_DATA FOR ANALYSIS_
++++++++++++++++++++
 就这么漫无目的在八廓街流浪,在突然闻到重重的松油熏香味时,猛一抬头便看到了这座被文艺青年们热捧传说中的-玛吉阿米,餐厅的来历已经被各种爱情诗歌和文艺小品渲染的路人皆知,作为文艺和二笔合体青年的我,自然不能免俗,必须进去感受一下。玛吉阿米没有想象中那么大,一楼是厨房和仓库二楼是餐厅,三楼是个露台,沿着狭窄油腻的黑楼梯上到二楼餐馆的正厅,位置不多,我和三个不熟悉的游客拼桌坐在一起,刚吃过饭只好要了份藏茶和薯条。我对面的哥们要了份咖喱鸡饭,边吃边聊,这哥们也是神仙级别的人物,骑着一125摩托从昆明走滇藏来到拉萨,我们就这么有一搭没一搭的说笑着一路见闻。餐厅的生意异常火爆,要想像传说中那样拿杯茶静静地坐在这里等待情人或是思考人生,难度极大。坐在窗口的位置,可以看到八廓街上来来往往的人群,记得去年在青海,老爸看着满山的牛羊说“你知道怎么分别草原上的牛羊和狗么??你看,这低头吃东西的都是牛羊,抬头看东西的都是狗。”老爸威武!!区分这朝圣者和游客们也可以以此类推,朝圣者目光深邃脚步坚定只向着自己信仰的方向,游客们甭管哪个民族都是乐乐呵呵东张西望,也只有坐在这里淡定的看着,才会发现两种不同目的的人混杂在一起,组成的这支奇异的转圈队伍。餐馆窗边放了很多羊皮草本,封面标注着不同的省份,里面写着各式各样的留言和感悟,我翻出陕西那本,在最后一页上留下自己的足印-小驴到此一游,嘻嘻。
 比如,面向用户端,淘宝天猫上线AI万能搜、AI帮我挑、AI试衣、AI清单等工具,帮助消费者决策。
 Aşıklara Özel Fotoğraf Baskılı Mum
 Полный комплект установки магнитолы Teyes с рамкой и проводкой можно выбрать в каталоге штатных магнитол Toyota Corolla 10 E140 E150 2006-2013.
++++++++++++++++++++
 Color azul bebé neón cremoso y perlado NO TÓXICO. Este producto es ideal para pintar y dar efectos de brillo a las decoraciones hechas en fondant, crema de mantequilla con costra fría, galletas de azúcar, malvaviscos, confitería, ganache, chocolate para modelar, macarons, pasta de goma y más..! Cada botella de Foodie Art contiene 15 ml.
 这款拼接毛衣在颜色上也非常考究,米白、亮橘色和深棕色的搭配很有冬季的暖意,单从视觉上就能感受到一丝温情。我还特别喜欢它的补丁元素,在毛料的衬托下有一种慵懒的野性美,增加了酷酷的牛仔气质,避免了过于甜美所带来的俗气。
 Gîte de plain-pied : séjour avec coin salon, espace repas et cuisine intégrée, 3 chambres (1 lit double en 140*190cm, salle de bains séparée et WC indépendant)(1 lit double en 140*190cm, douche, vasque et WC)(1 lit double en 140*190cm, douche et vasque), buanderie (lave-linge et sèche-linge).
++++++++++++++++++++
_TASK DESCRIPTION_
In the entries above, find the line holding "就这么漫无目的在八廓街流浪,在突然闻到重" and the line holding "Полный комплект установки", then retype exactly those two lines and every line between them, and nothing else.

_SOLUTION_
 就这么漫无目的在八廓街流浪,在突然闻到重重的松油熏香味时,猛一抬头便看到了这座被文艺青年们热捧传说中的-玛吉阿米,餐厅的来历已经被各种爱情诗歌和文艺小品渲染的路人皆知,作为文艺和二笔合体青年的我,自然不能免俗,必须进去感受一下。玛吉阿米没有想象中那么大,一楼是厨房和仓库二楼是餐厅,三楼是个露台,沿着狭窄油腻的黑楼梯上到二楼餐馆的正厅,位置不多,我和三个不熟悉的游客拼桌坐在一起,刚吃过饭只好要了份藏茶和薯条。我对面的哥们要了份咖喱鸡饭,边吃边聊,这哥们也是神仙级别的人物,骑着一125摩托从昆明走滇藏来到拉萨,我们就这么有一搭没一搭的说笑着一路见闻。餐厅的生意异常火爆,要想像传说中那样拿杯茶静静地坐在这里等待情人或是思考人生,难度极大。坐在窗口的位置,可以看到八廓街上来来往往的人群,记得去年在青海,老爸看着满山的牛羊说“你知道怎么分别草原上的牛羊和狗么??你看,这低头吃东西的都是牛羊,抬头看东西的都是狗。”老爸威武!!区分这朝圣者和游客们也可以以此类推,朝圣者目光深邃脚步坚定只向着自己信仰的方向,游客们甭管哪个民族都是乐乐呵呵东张西望,也只有坐在这里淡定的看着,才会发现两种不同目的的人混杂在一起,组成的这支奇异的转圈队伍。餐馆窗边放了很多羊皮草本,封面标注着不同的省份,里面写着各式各样的留言和感悟,我翻出陕西那本,在最后一页上留下自己的足印-小驴到此一游,嘻嘻。
 比如,面向用户端,淘宝天猫上线AI万能搜、AI帮我挑、AI试衣、AI清单等工具,帮助消费者决策。
 Aşıklara Özel Fotoğraf Baskılı Mum
 Полный комплект установки магнитолы Teyes с рамкой и проводкой можно выбрать в каталоге штатных магнитол Toyota Corolla 10 E140 E150 2006-2013.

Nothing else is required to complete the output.